Clemson wide receiver Hunter Renfrow makes a 2-yard

Clemson wide receiver Hunter Renfrow makes a 2-yard game-winning touchdown reception against defensive back Tony Brown of Alabama during the fourth quarter of the 2017 College Football Playoff National Championship Game at Raymond James Stadium on January 9, 2017 in Tampa, Florida. Credit: Getty Images / Kevin C. Cox

TAMPA, Fla. — For Clemson coach Dabo Swinney, the winning touchdown pass with one second left in Monday night’s 35-31 win over Alabama was perfect, not only because it gave his Tigers their first national championship in 35 years, but because of how well it captured his team’s identity.

“To me, that moment, that epitomizes what our program is all about,” Swinney said Tuesday morning, having stayed up until sunrise celebrating the win. “You’ve got the five-star quarterback throwing the game-winning touchdown to the walk-on wideout . . . just a microcosm of our team and our program.”

Deshaun Watson, who threw for 400-plus yards and accounted for four touchdowns for the second time in as many national championship games against Alabama, is headed to the NFL, where he could be a top-10 pick.
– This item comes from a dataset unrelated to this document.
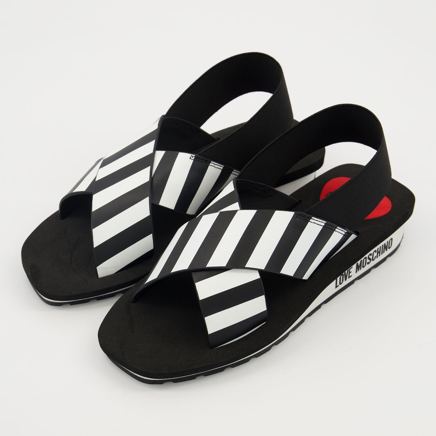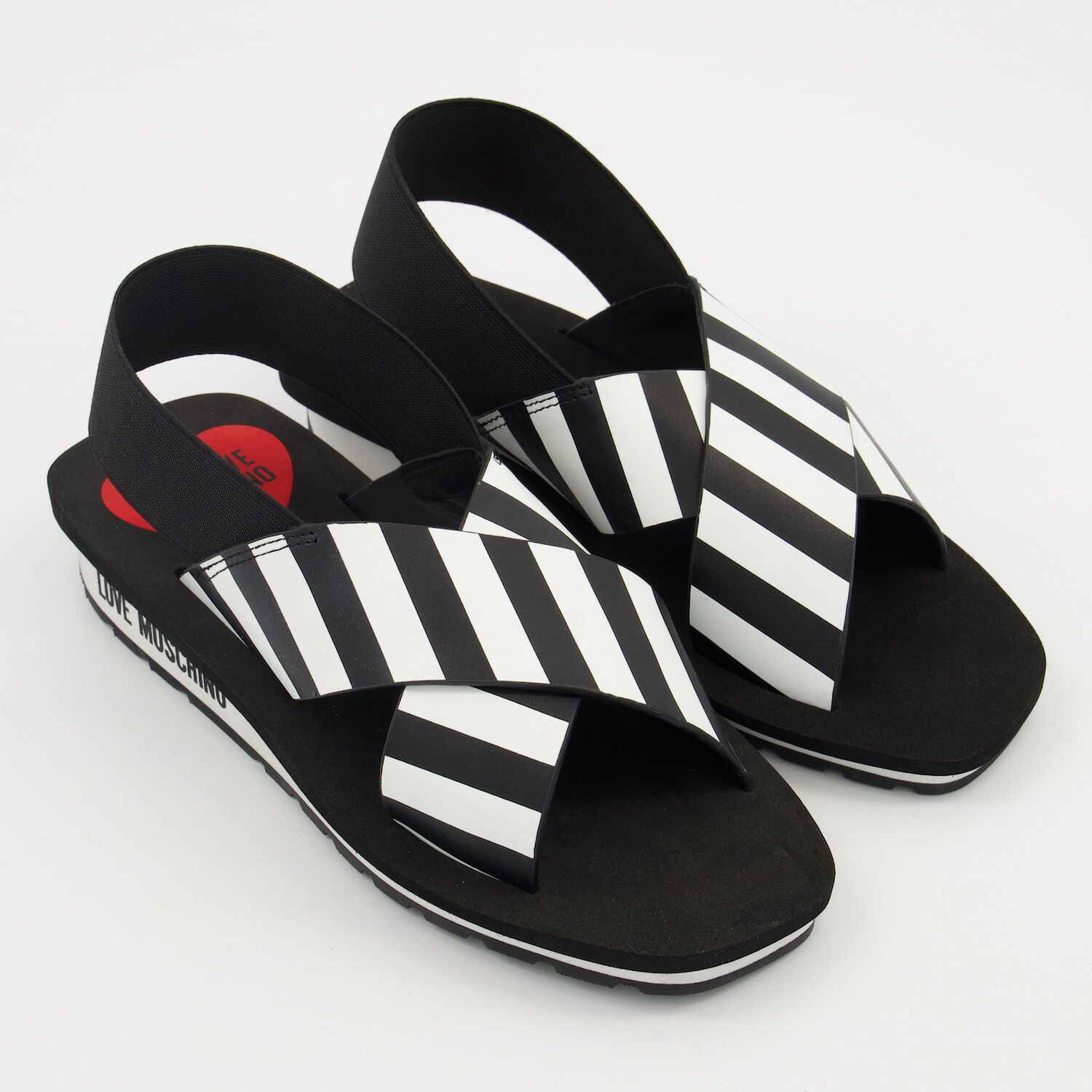 Love Moschino Black Striped Slingback Sandals UK5 EU38 US7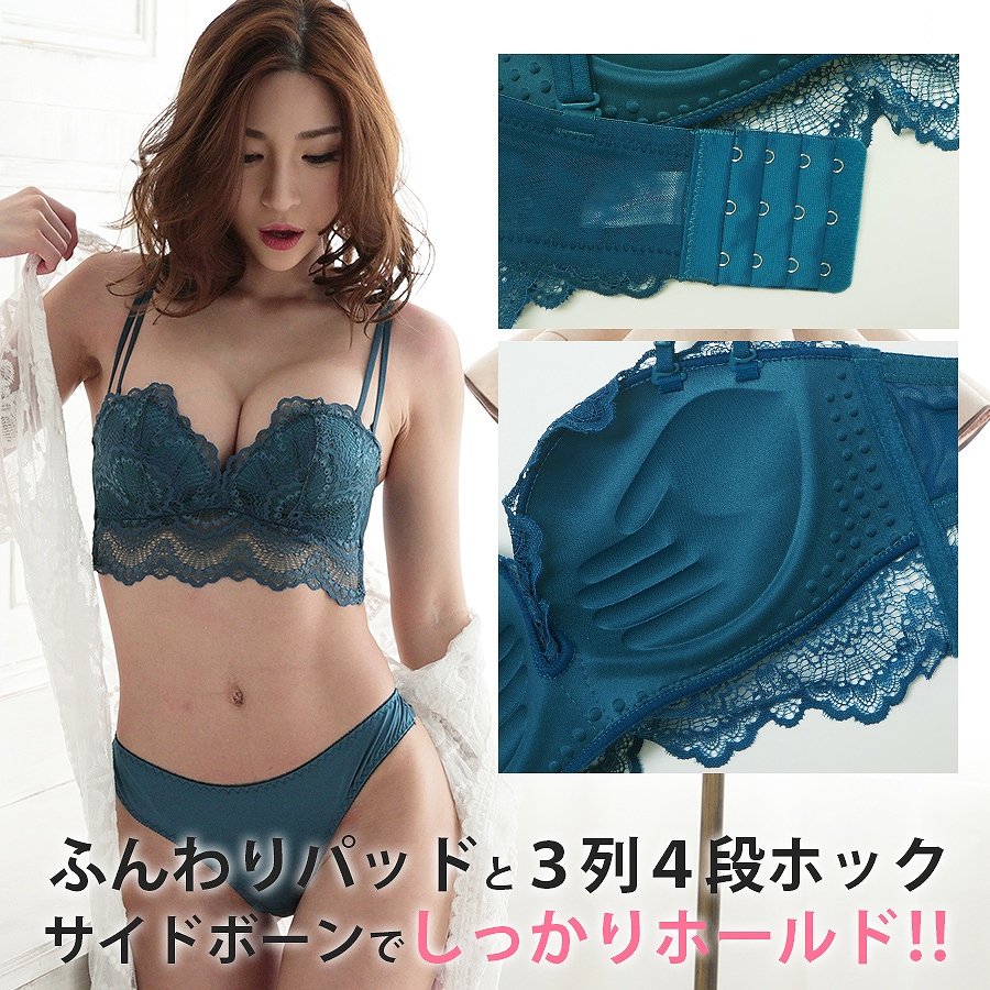 下着 総レース Tバックセット らくらく盛れる ブラamp Tバック ワイヤレスブラ ノンワイヤー ブラ&ショーツ上下セット

Swinney remembers when Watson wanted to commit to Clemson as a high school sophomore, a huge recruit who would ultimately guide the Tigers to a championship.

On the other end — of the touchdown pass and the football spectrum — is sophomore receiver Hunter Renfrow, a 5-11 former walk-on who had a career-high 10 catches Monday, including two touchdowns. Swinney prides himself on treating the biggest recruit and the least-known walk-on with the same respect.
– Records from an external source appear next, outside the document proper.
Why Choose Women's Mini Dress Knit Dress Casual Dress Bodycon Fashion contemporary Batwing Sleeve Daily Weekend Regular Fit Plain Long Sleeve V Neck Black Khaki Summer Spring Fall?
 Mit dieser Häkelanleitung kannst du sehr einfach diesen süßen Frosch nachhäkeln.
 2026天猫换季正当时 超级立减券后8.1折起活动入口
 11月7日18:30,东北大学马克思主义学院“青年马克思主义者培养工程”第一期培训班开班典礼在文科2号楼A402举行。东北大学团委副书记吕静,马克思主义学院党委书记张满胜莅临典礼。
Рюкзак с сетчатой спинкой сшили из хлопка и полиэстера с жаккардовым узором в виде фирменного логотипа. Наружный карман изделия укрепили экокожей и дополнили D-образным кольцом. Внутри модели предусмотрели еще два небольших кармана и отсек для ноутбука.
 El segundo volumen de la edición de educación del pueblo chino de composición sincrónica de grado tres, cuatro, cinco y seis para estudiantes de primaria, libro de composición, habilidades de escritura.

“It’s just amazing to me. If you lined all of our managers up, he’d be about the 10th guy you’d pick to be Hunter Renfrow,” Swinney said. “Last year, everybody is like ‘Why are we playing Hunter Renfrow?’ I mean, I’m at practice every day, and he’s the best player, period.”

After trailing the entire game, Watson led the Tigers on an 88-yard touchdown drive to take the lead with 4:38 left, only to see Alabama answer with a 68-yard drive to go back ahead with 2:07 left. That set up the winning touchdown, but Swinney pointed to two plays — one each from his QB and WR — that made the win possible.

Down 10 in the third quarter, facing a fourth-and-1 at Alabama’s 43, Swinney lined up to go for it but called for Watson to execute a quick-kick, and his punt was downed at the 5-yard line. A defensive stop and bad punt set the Tigers up at the Alabama 42, and they’d score to get back within three points.

Even more unsung was Renfrow’s play on the opening drive of the second half, when Clemson lost a fumble and Alabama’s Ryan Anderson took off for a potential touchdown, only to be tackled by Renfrow at the 16-yard line. The defense held Alabama to a field goal.

“[Watson’s punt] and the tackle by Renfrow were just two plays mixed in with a bunch of plays, but man, those were monsters,” Swinney said. “That was one of the big keys for us.”

That would ultimately set up a confident Watson, who got the ball at his 32 with 2:01 to play and smiled, knowing what his offense was capable of doing.

“Just an awesome time,” Watson said. “God put us there for a reason, and we just went out there. I told the guys: ‘Hey, let’s be great. Let’s be special.’ It was an awesome feeling and a great way to finish off the game.”